The Friendship Port (Port de l'Amité) is an artificial deepwater port located in Nouakchott, Mauritania. It was built during the 1980s by a Chinese company to allow the city, capital of Mauritania, to be supplied more cheaply than by overland from Dakar, Senegal. As the location is not a natural harbor, concrete block breakwaters had to be used to create a safe location for the ships. Plans are being made to increase its capacity.

==History==
There are no natural deepwater ports along the Atlantic coast of Africa between Nouadhibou, Mauritania and Dakar, Senegal and the explosive growth of Nouakchott during the 1970s and 1980s threatened to overwhelm the modest road network connecting Nouakchott and Senegal. The People's Republic of China offered an interest-free, 50-year loan of $35 million in the early 1980s to finance construction of a port by the China Road & Bridge Corporation. It imported over 400 workers that had to emplace over 100,000 concrete blocks that each weighed over 12 LT. The workers had to fight high seas and winds, sandstorms and strong currents along the unprotected coastline roughly 12 km southwest of the city. Despite these difficulties, the facilities were completed several months ahead of schedule and the port opened on 17 September 1986. At the time, it was the second largest Chinese foreign aid project. The completed port became Mauritania's first deep-water port.
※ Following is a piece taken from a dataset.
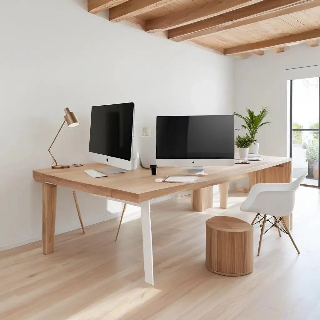 Для создания рабочей станции для двоих в домашнем офисе, первым шагом является выбор подходящей основы. Длинная столешница или тандемный стол – оптимальное решение для эффективного совместного рабочего пространства. Подобный общий стол, по сути, двойной стол, позволяет же максимально эффективно использовать площадь помещения. Он предлагает комфортное парное место для каждого пользователя. Планировка домашнего офиса требует тщательного учета габаритов комнаты. Размещение такой мебели для двоих вдоль одной из стен часто позволяет освободить центральную часть помещения. Это обеспечивает организацию пространства без перегрузки. В более просторных комнатах длинный стол можно разместить по центру. Такое расположение сделает его фокусным элементом интерьера, подчеркивая функциональность.
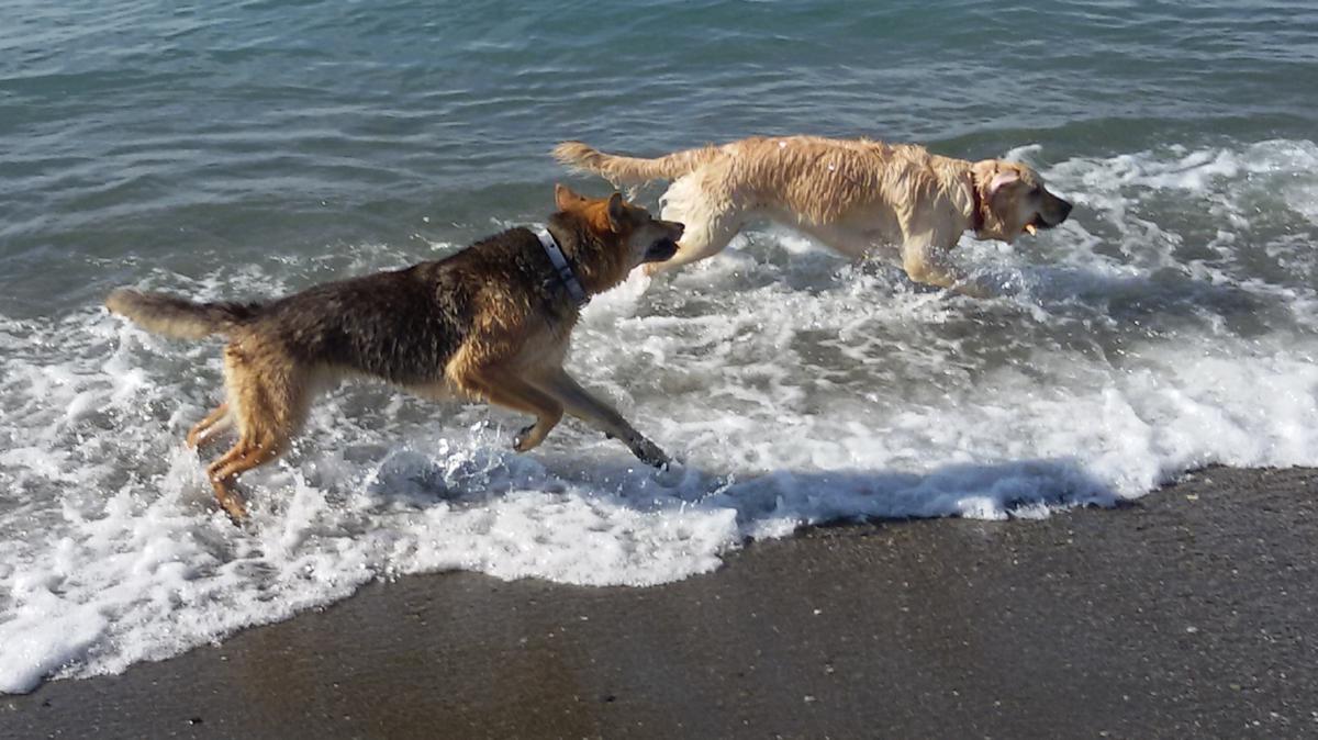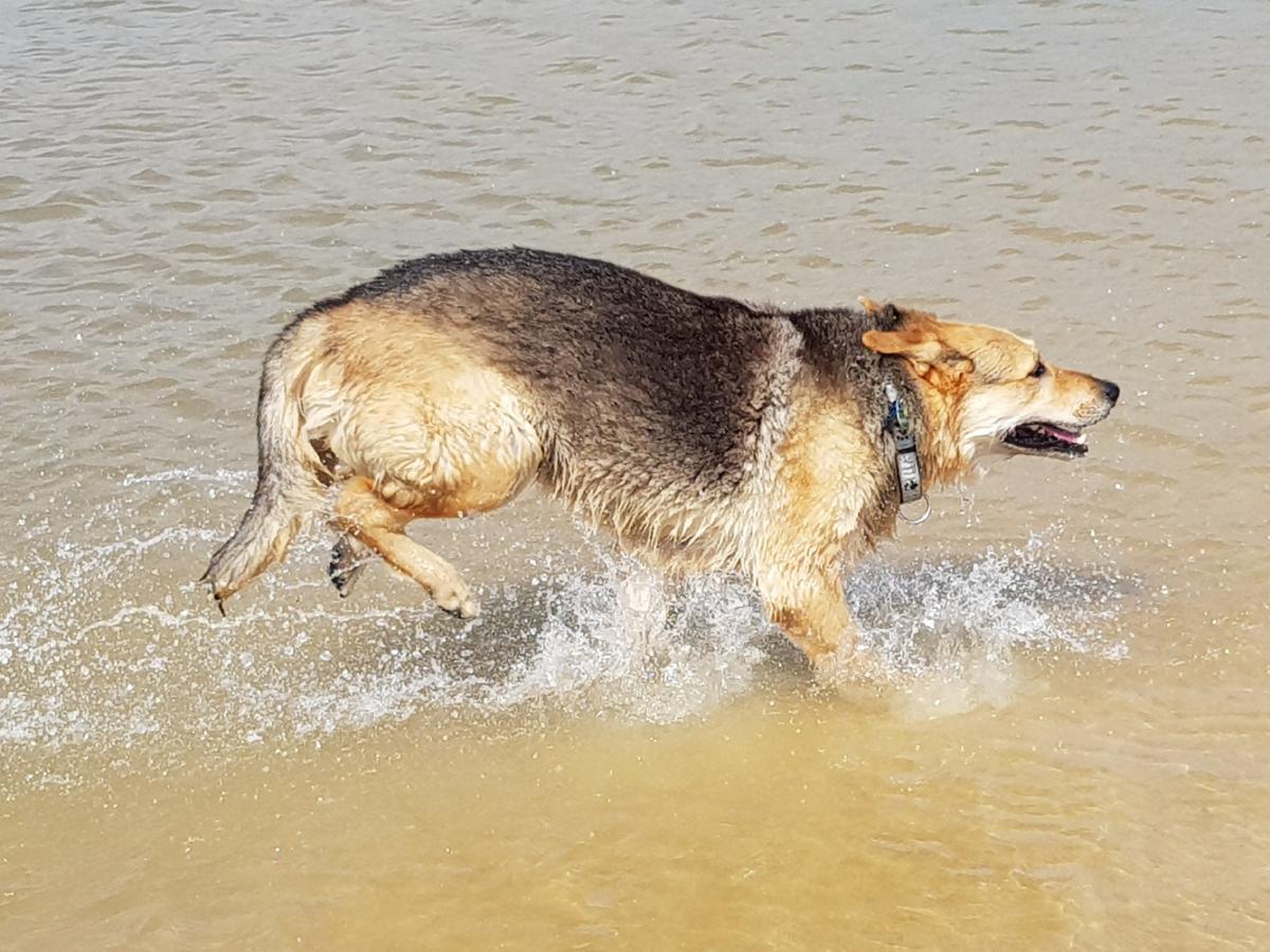 Unsere Sira war eine Wasserratte, wohl eher ein Kamel. Sie konnte Kilometer vorher Wasser riechen und strebte nur auf direkten Weg hin unabhängig von der Jahreszeit. Bei einem Urlaub in Dänemark, es war Februar stürzte sie wie wild vom Ferienhaus in Richtung Meer und ab ging die Post. Alleine machte es ihr doch weniger spaß, also Schuhe aus und Hosen runter... Ich bekam Eisbeine und Sire entledigte sich anschließend in einer Gaststätte des gesoffenen Salzwassers, das ich dann aufwischen durfte.

In 2001, Spain announced that it would build an oil terminal near the port to handle the country's increasing demands. Two years later Mali said that it would construct 92000 sqm of warehouse space to handle its own imports and exports through the port.

==Capacity and facilities==
The port was designed for a capacity of 500,000 deadweight tons (DWT) of cargo a year, but was handling 1,500,000 tons (DWT) by 2009. The main quay is long enough to accommodate three ships at once, each of 10,000 DWT. China agreed in 2009 to invest US$282 million in the port, aiming to extend the 585 m main quay by over 900 m. As of 2011, the World Bank was investigating funding a new shipping container facility at the port.